In a paper published in the Astrophysical Journal Letters (arXiv.org), astronomers from the Max Planck Institute for Astronomy and the University of California have reported the discovery of a distant star-forming galaxy powered by pristine hydrogen, matter left over from the Big Bang.

This image shows the galaxy Q1442-MD50, center, with incoming cold gas flow. A stream of primordial inflowing hydrogen is illuminated from behind by a distant background quasar, lower left, - quasar added by an artist. Image credit: MPIA / G. Stinson / A. V. Macciò.

This image shows the galaxy Q1442-MD50, center, with incoming cold gas flow. A stream of primordial inflowing hydrogen is illuminated from behind by a distant background quasar, lower left, – quasar added by an artist. Image credit: MPIA / G. Stinson / A. V. Macciò.

To detect hydrogen stream near this galaxy, the astronomers made use of a cosmic coincidence – a bright quasar acting as a ‘cosmic lighthouse.’

In the current narrative of how galaxies like our own Milky Way formed, scientists postulate they were once fed from a vast reservoir of primordial hydrogen in the intergalactic medium, which permeates the vast expanses between galaxies. About 10 billion years ago when the Universe was one-fifth its current age, early proto-galaxies were in a state of extreme activity, forming new stars nearly one hundred times their current rate. Because stars form from gas, this fecundity demands a steady source of cosmic fuel.

In the past decade, supercomputer simulations of galaxy formation have become so sophisticated that they can actually predict how galaxies form and are fed: gas funnels onto galaxies along thin cold streams which, like streams of snow melt feeding a mountain lake, channel cool gas from the surrounding intergalactic medium onto galaxies, continuously topping up their supplies of raw material for star formation.

However, testing these predictions has proven to be extremely challenging, because such gas at the edges of galaxies is so rarefied that it emits very little light. Instead, astronomers systematically searched for examples of a very specific type of cosmic coincidence.
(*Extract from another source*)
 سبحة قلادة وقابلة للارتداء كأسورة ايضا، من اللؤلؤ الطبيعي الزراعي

Quasars constitute a brief phase in the galactic life-cycle, during which they shine as the most luminous objects in the Universe, powered by the infall of matter onto a supermassive black hole.
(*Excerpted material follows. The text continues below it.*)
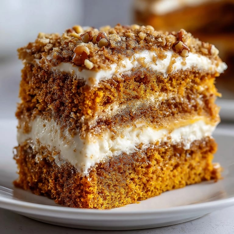 This cake keeps well at room temperature for a day but it is best to refrigerate if storing longer. Wrap the pan tightly or transfer slices to an airtight container. The cream cheese layer will stay fresh for up to five days chilled. Bring to room temperature before serving so the texture and spice bloom again.

From our perspective on Earth, there will be rare cases where a distant background quasar and a stream of primordial gas near a foreground galaxy are exactly aligned on the night sky. As light from the quasar travels toward Earth, it passes by the galaxy and through the primordial gas, before reaching our telescopes. The cosmic gas selectively absorbs light at very specific frequencies which astronomers refer to as absorption lines. The pattern and shape of these lines provide a cosmic barcode, which astronomers can decode to determine the chemical composition, density, and temperature of the gas.
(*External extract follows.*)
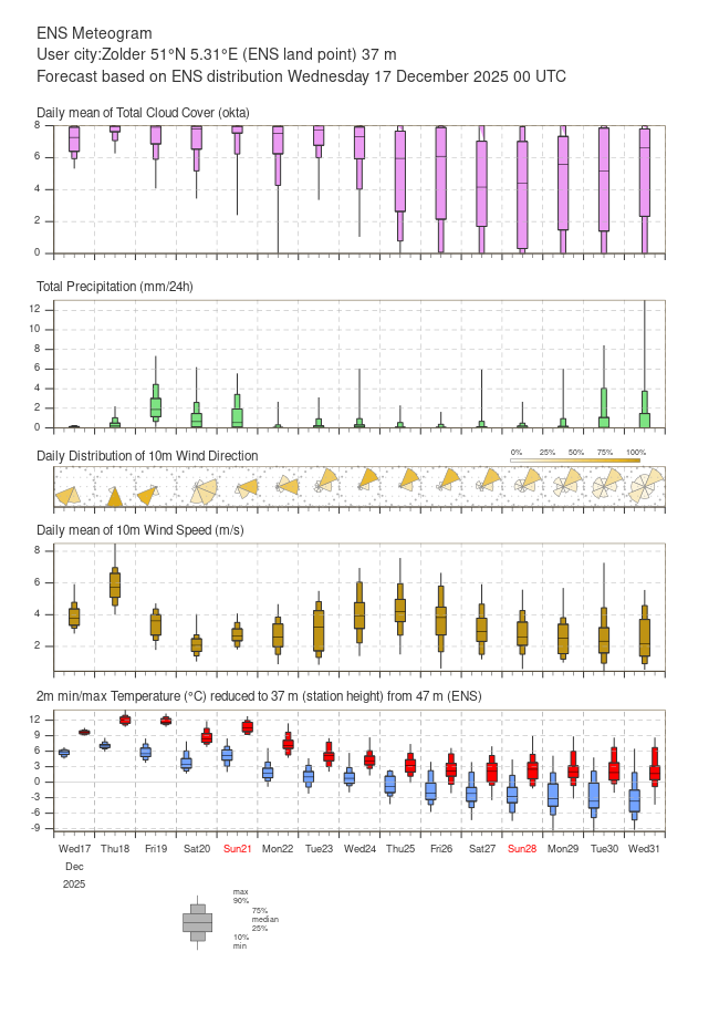 Langdurig NO-winden, maxima net boven 0, minima mediaan zelfs naar -3 en lager voor deze regio.

Using this technique, Dr Neil Crighton of the Max Planck Institute for Astronomy with colleagues has found the best evidence to date for a flow of pristine intergalactic gas onto a galaxy.

The galaxy, labeled Q1442-MD50, is so distant that it took 11 billion years for its light to reach us.

The primordial infalling gas resides a mere 190,000 light-years from the galaxy – relatively nearby on galactic length-scales – and is revealed in silhouette in the absorption spectrum of the more distant background quasar QSO J1444535+291905.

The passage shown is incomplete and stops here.